• **Exercise prompt**
Below, find the line containing "وأعلن أبناء المحافظة" and the line containing "Louis Vuitton 路易威登"; reproduce exactly those two and every line between them, omitting pictures.

(Data entries)
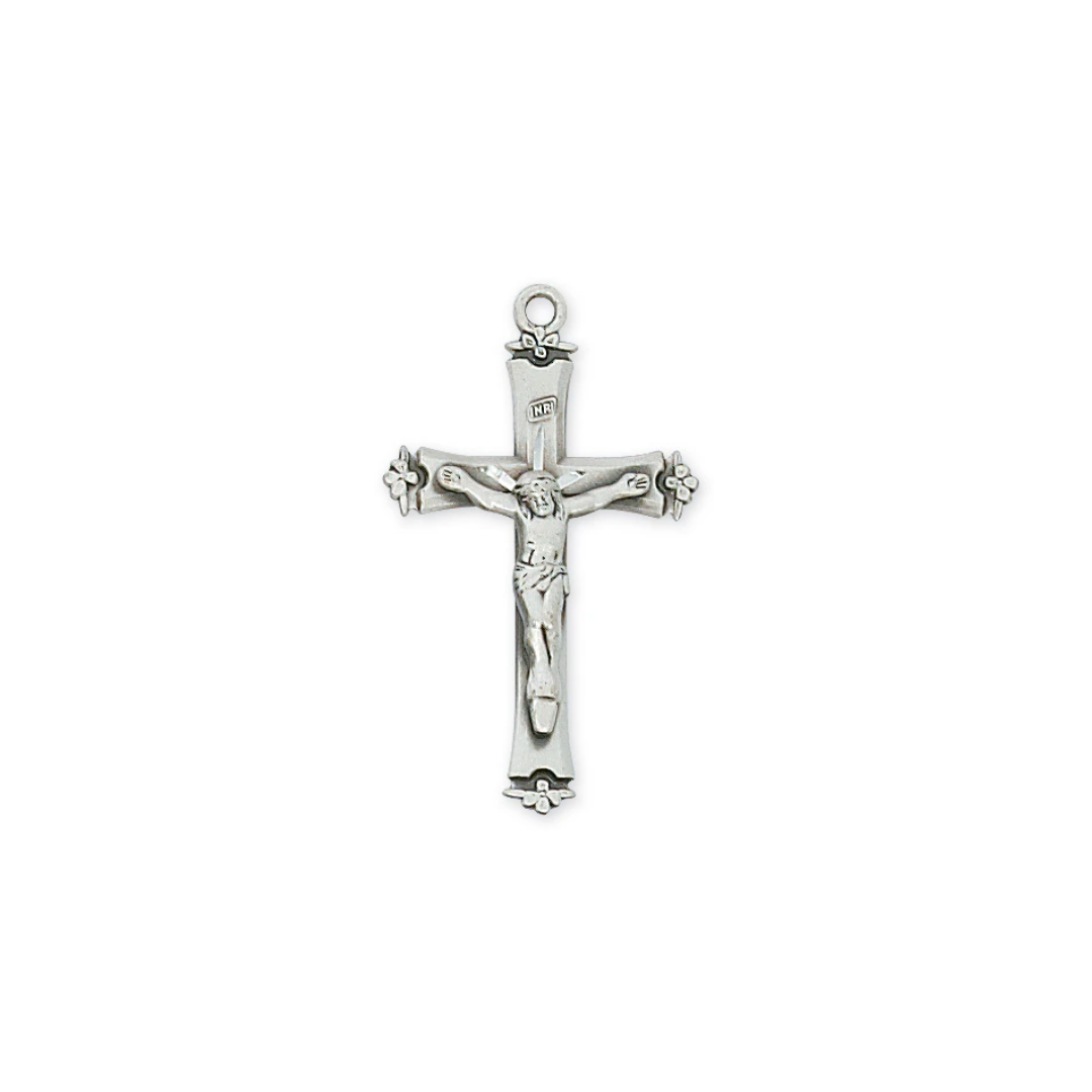 Sterling silver crucifix necklace with a rhodium plated 18 inch chain
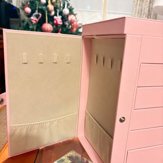 Elegante joyero de color rosa con múltiples cajones para organizar tus accesorios. - Diseño con cierre plateado. - Acabado en piel sintética. - Completamente nuevo -No envío
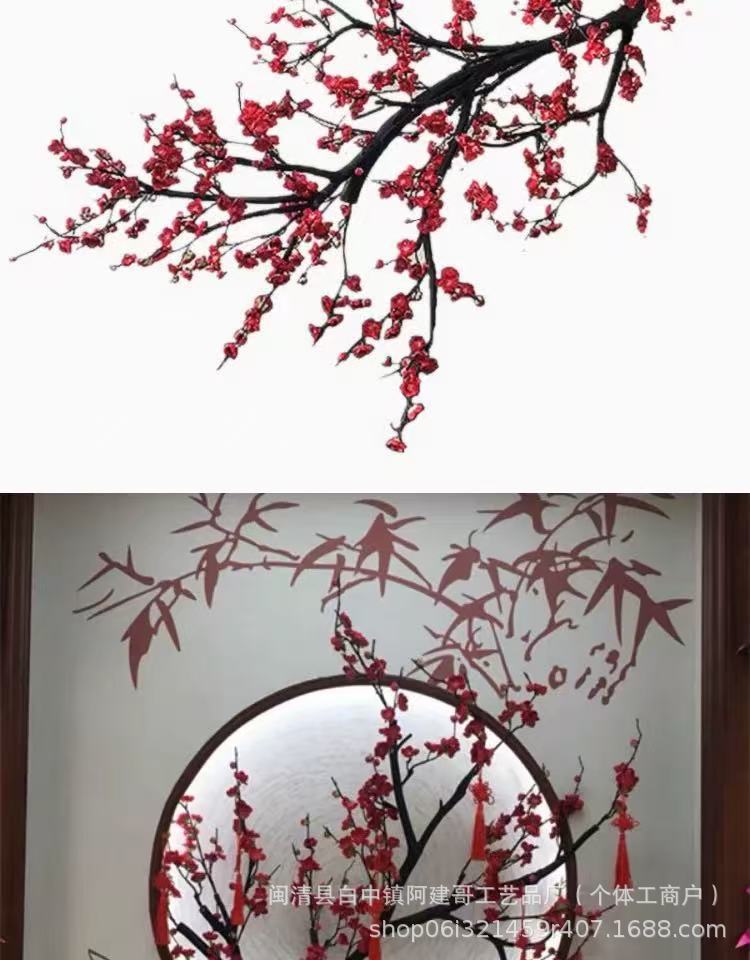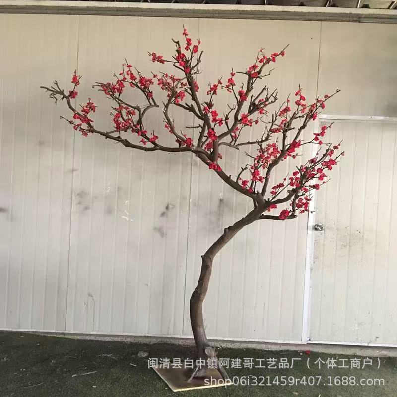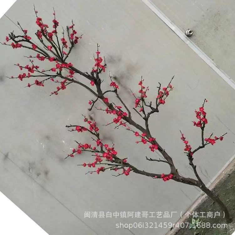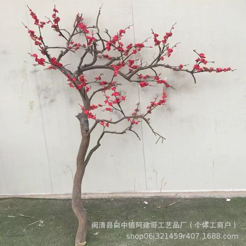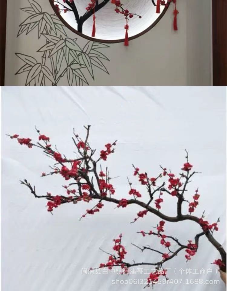 Nova Árvore Artificial de Flor de Ameixeira em Estilo Chinês com Flores Vermelhas, Arranjo de Flores Falsas, Bonsai de Sala de Estar, Ornamento de Decoração de Flor Seca
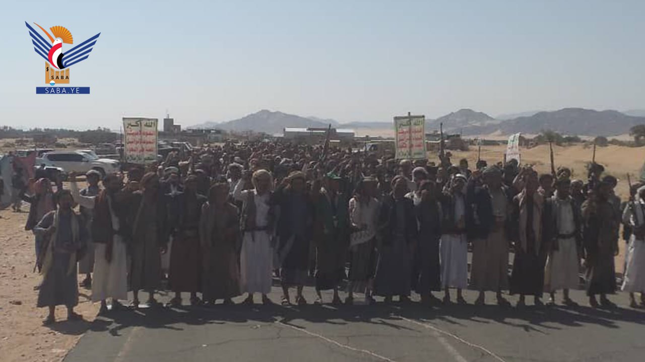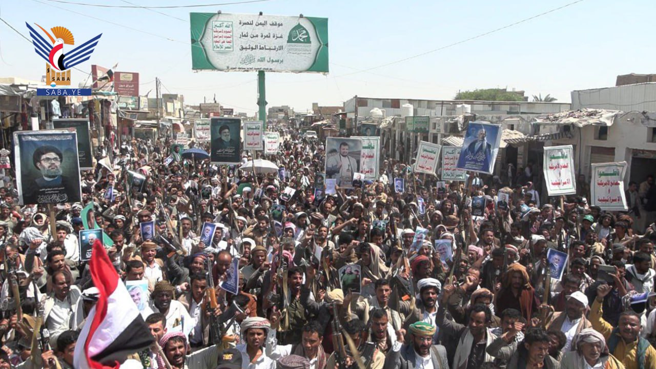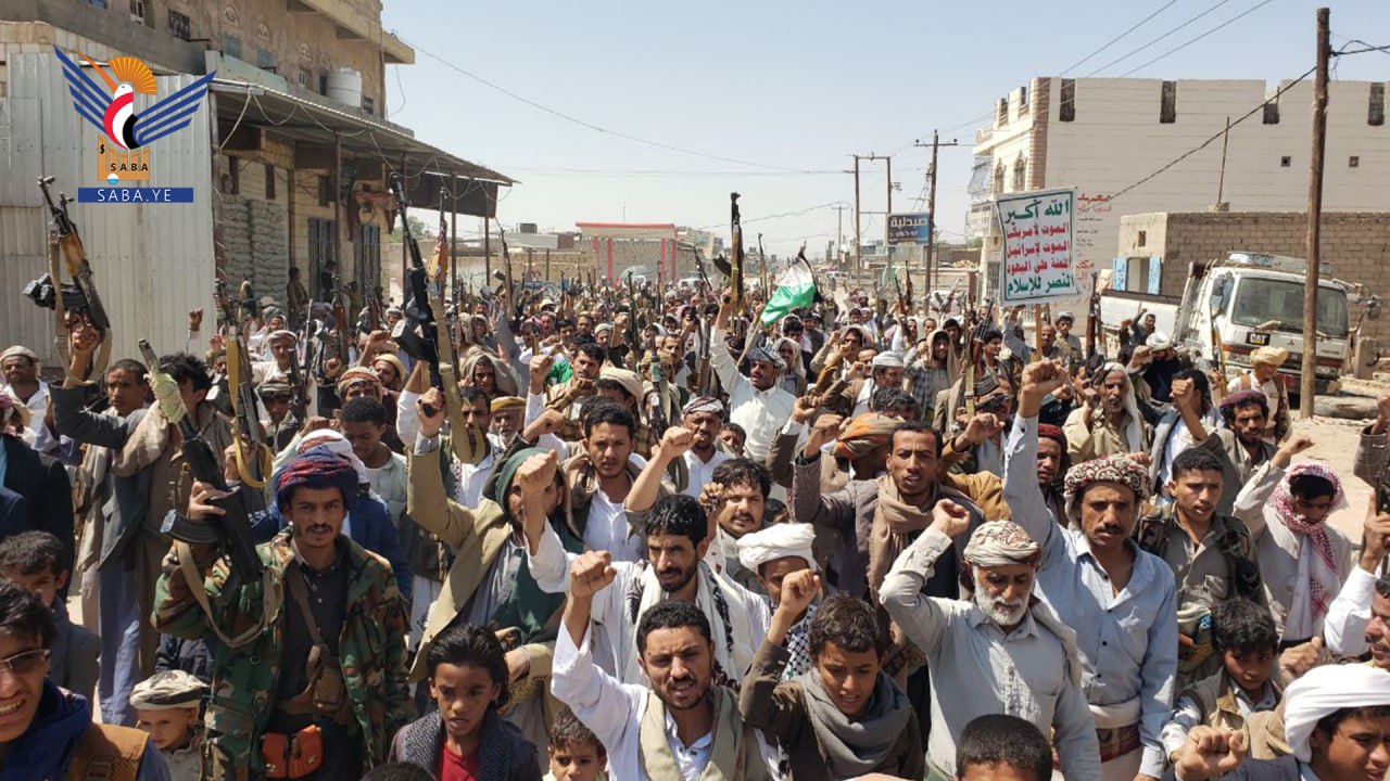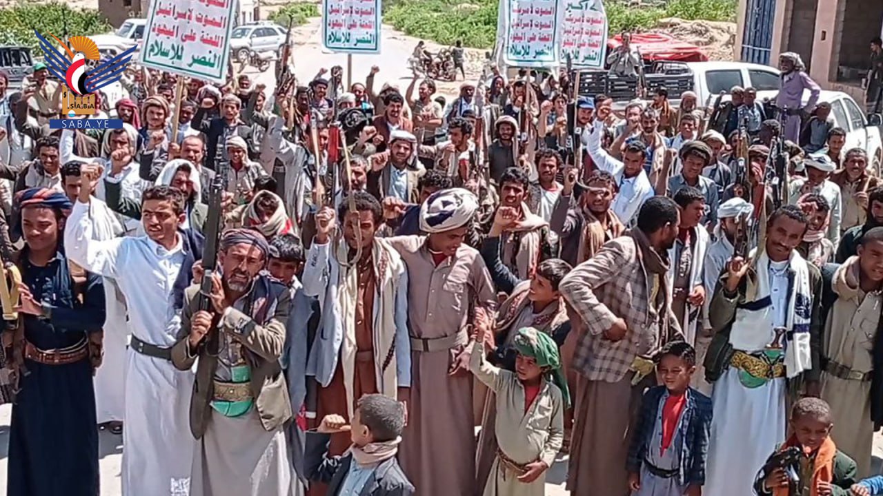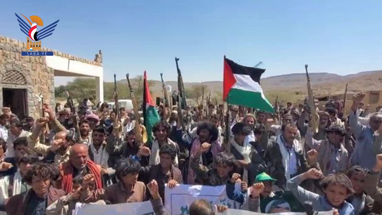 وأعلن أبناء المحافظة أن الشعب اليمني سيظل حاضرا في مواجهة أي عدوان قد يقدم عليه الصهاينة المجرمين بحق أي شعب عربي أو إسلامي.
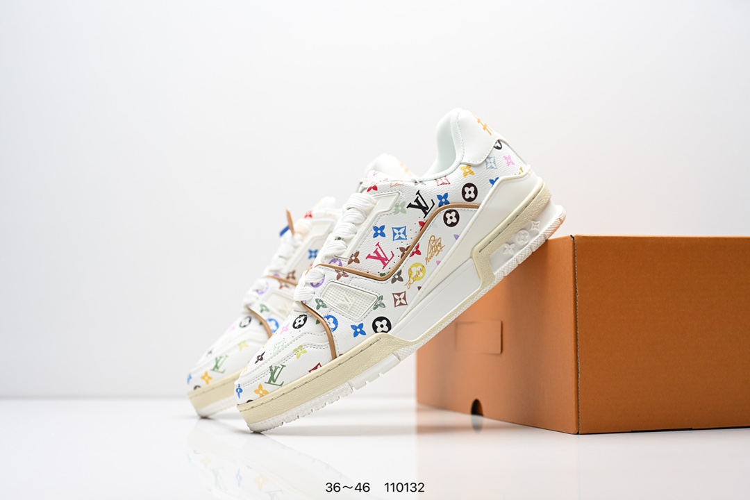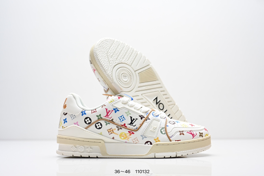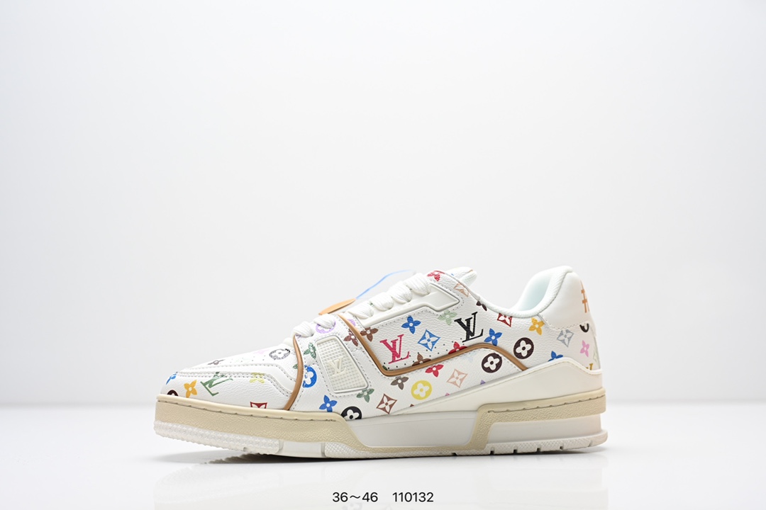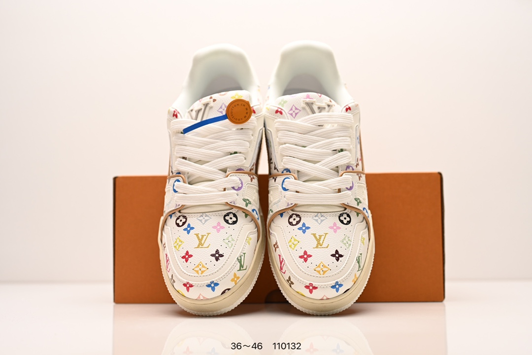 Louis Vuitton 路易威登 村上隆 白 广东原产高性价比 采用皮革鞋面材质 内里小羊皮打造及去味海玻璃脚垫 空胶工艺 外置耐磨橡胶大底全新LV路易威登Louis Vuitton Remarque Low经典低帮系带休闲运动百搭板鞋 类型 男鞋
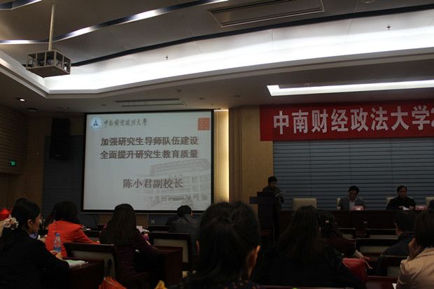 会上,陈校长向参会人员介绍了我国研究生教育定位与发展的情况,讲解我校研究生教育取得的成绩与面临的挑战和问题,并阐述未来几年全面提升我校研究生教育质量的主要措施。她强调导师作为研究生成长成才的引路人和指导者,是研究生教育队伍中不可替代的重要力量,因此加强导师队伍的建设和管理对于提高研究生质量有着极为重要的意义。最后,她要求导师不断增强身份意识,履行好职责,做研究生健康成长的优秀指导者,优良学风的积极倡导者,质量立教的忠实实践者,学术创新的大胆开拓者,学校事业发展的有力推动者和社会文明新风的时代引领者。

• **Answer**
 وأعلن أبناء المحافظة أن الشعب اليمني سيظل حاضرا في مواجهة أي عدوان قد يقدم عليه الصهاينة المجرمين بحق أي شعب عربي أو إسلامي.
 Louis Vuitton 路易威登 村上隆 白 广东原产高性价比 采用皮革鞋面材质 内里小羊皮打造及去味海玻璃脚垫 空胶工艺 外置耐磨橡胶大底全新LV路易威登Louis Vuitton Remarque Low经典低帮系带休闲运动百搭板鞋 类型 男鞋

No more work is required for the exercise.